Simon the robot, developed at Georgia Tech’s Socially Intelligent Machines lab, uses a camera to figure out when a person is interested in interacting with it. It watches their behavior and uses some form of gesture, like waving its hand, to get noticed.

Then it has to figure out whether it actually captured the person’s attention. Using only the camera as a guide, Simon achieved about 80 percent accuracy in determining when he had gotten someone’s attention, according to Aaron Bobick, professor and chair of the School of Interactive Computing at Georgia Tech’s College of Computing.

Check out the video below in which a volunteer constructs something out of colorful blocks, under Simon’s watchful eyes. Simon’s timid wave interrupts his concentration, and he waves back.

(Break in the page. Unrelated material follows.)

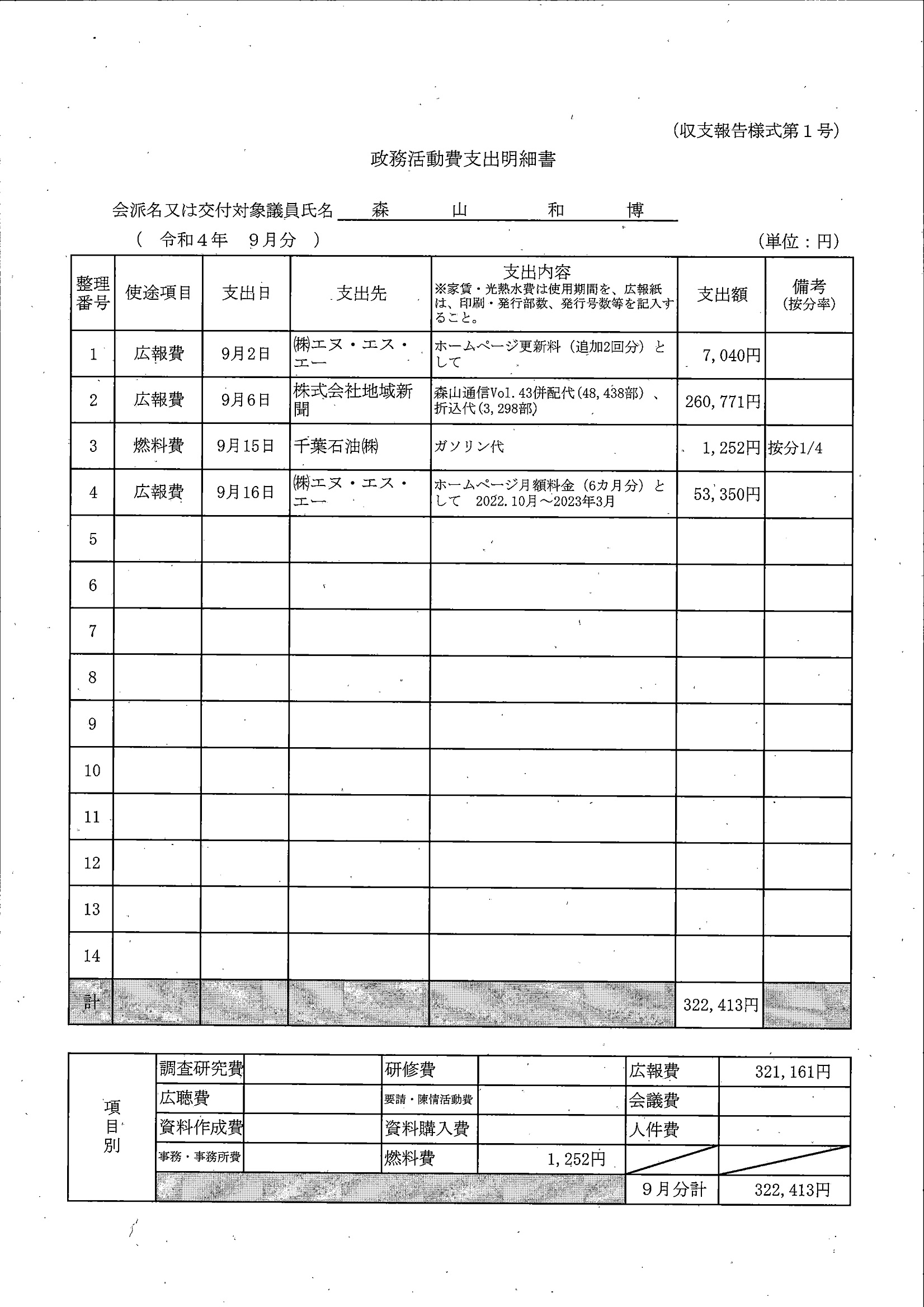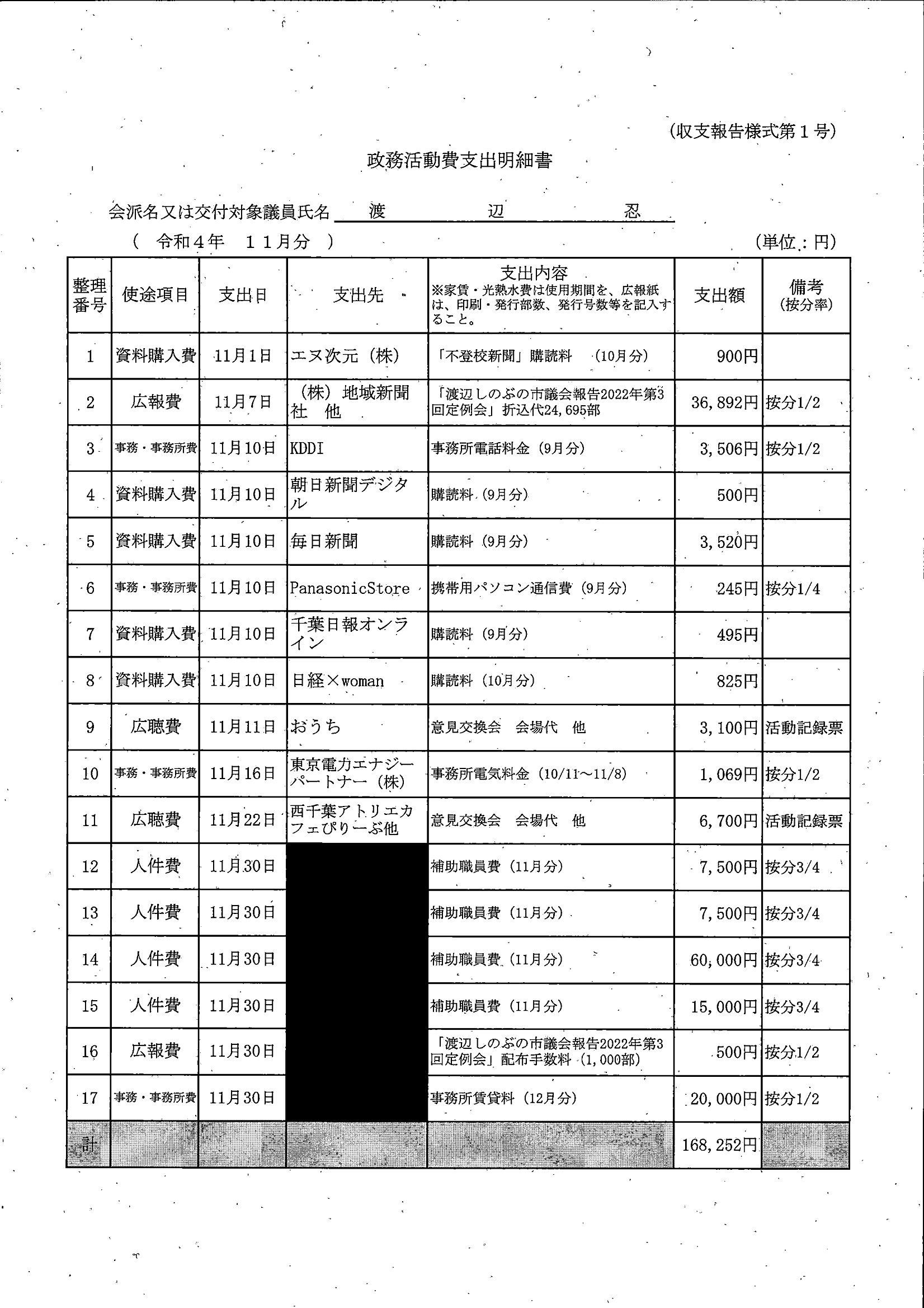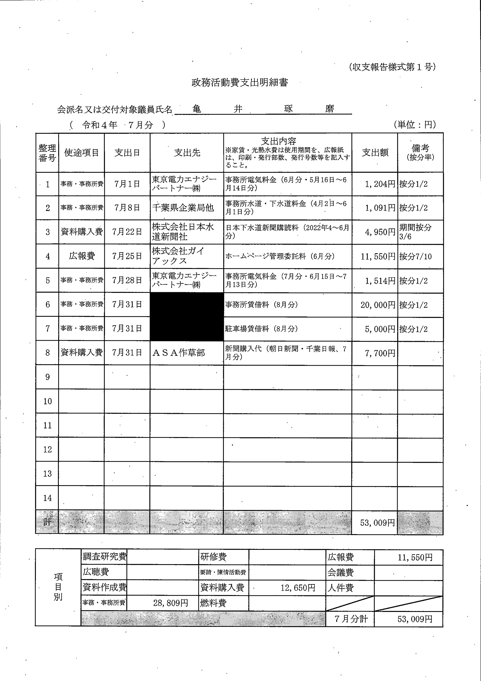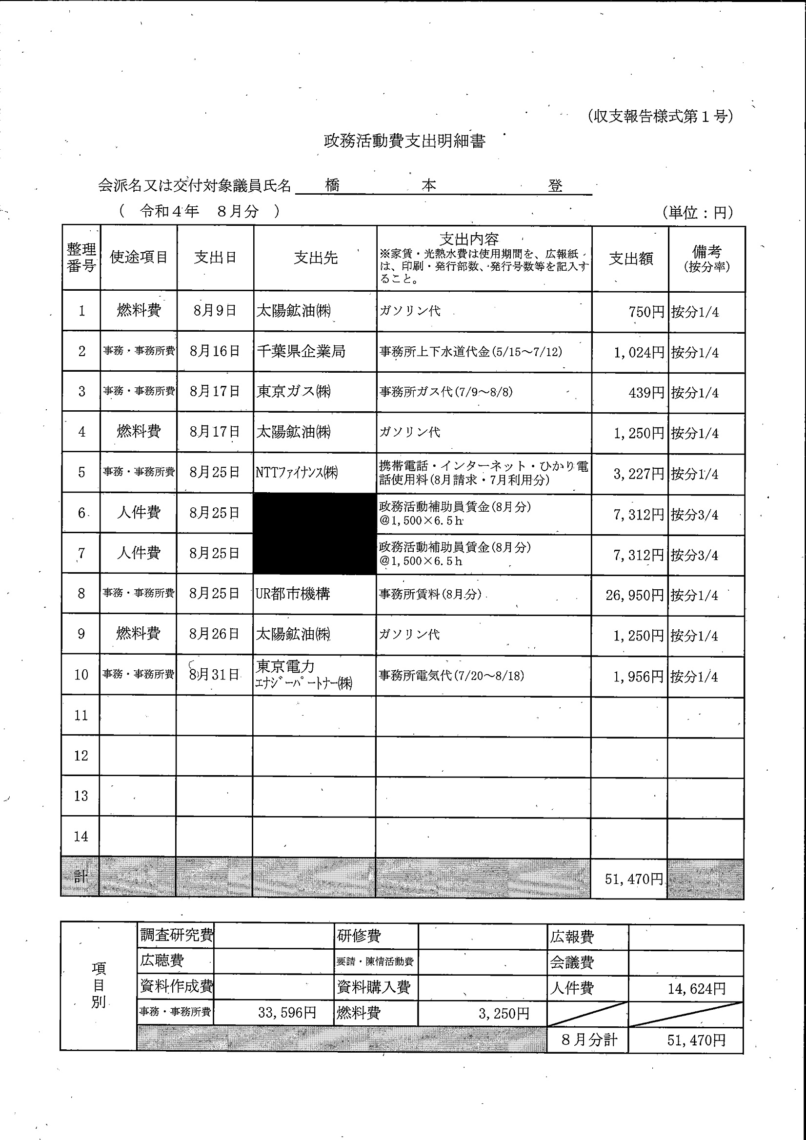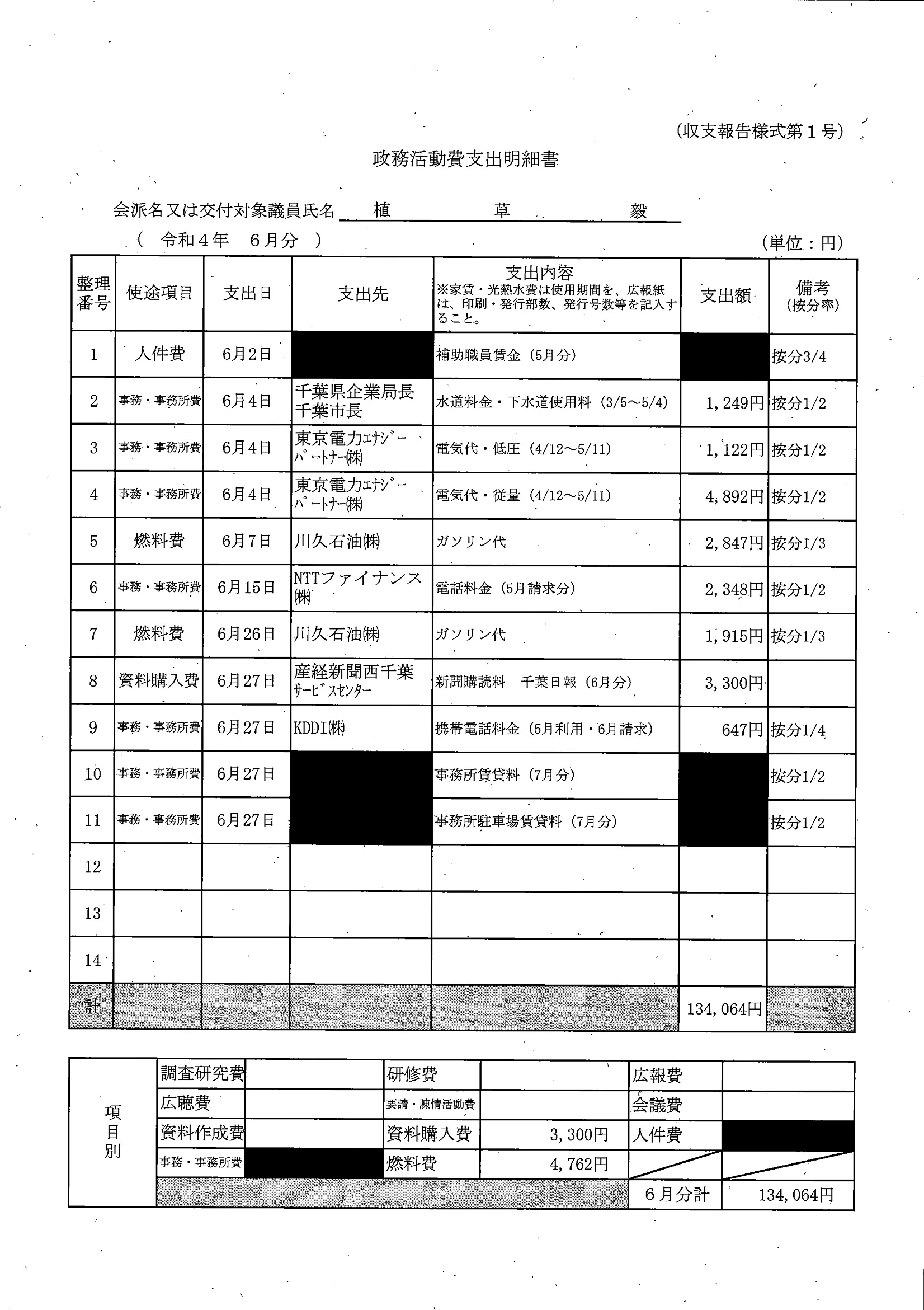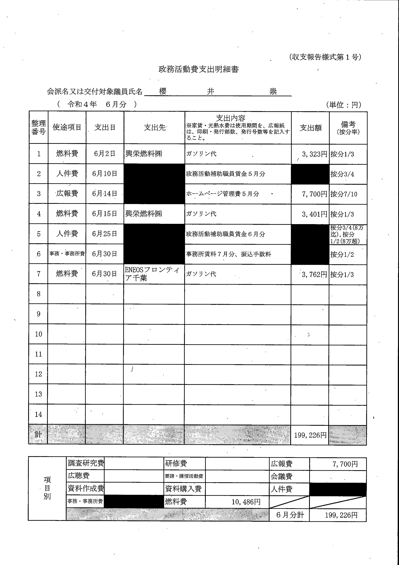 千葉市議会トップページ > 広報・情報公開 > 政務活動費 > 令和4年度交付分(政務活動費収支報告書)

The goal is to help robots understand when to sit and be quiet and when it’s appropriate for them to get a human’s attention. People can figure this out pretty easily with simple body language, but it’s not as obvious for a robot. Remember Furby and its insistent, insipid desire to play, even when you didn’t feel like it? Simon is apparently a little more polite.

“In order for these robots to work with us effectively, they have to obey these same social conventions, which means they have to be able to perceive the same things humans perceive in determining how to abide by those conventions,” Bobick explains.

Other roboticists at Georgia Tech are helping robots learn whether they want to deceive other robots or humans, and then carry out a deceptive strategy to that effect. No word on whether these technologies would ever be combined, so robots could figure out when we humans aren’t paying attention and then carry out their devious world-dominating plans.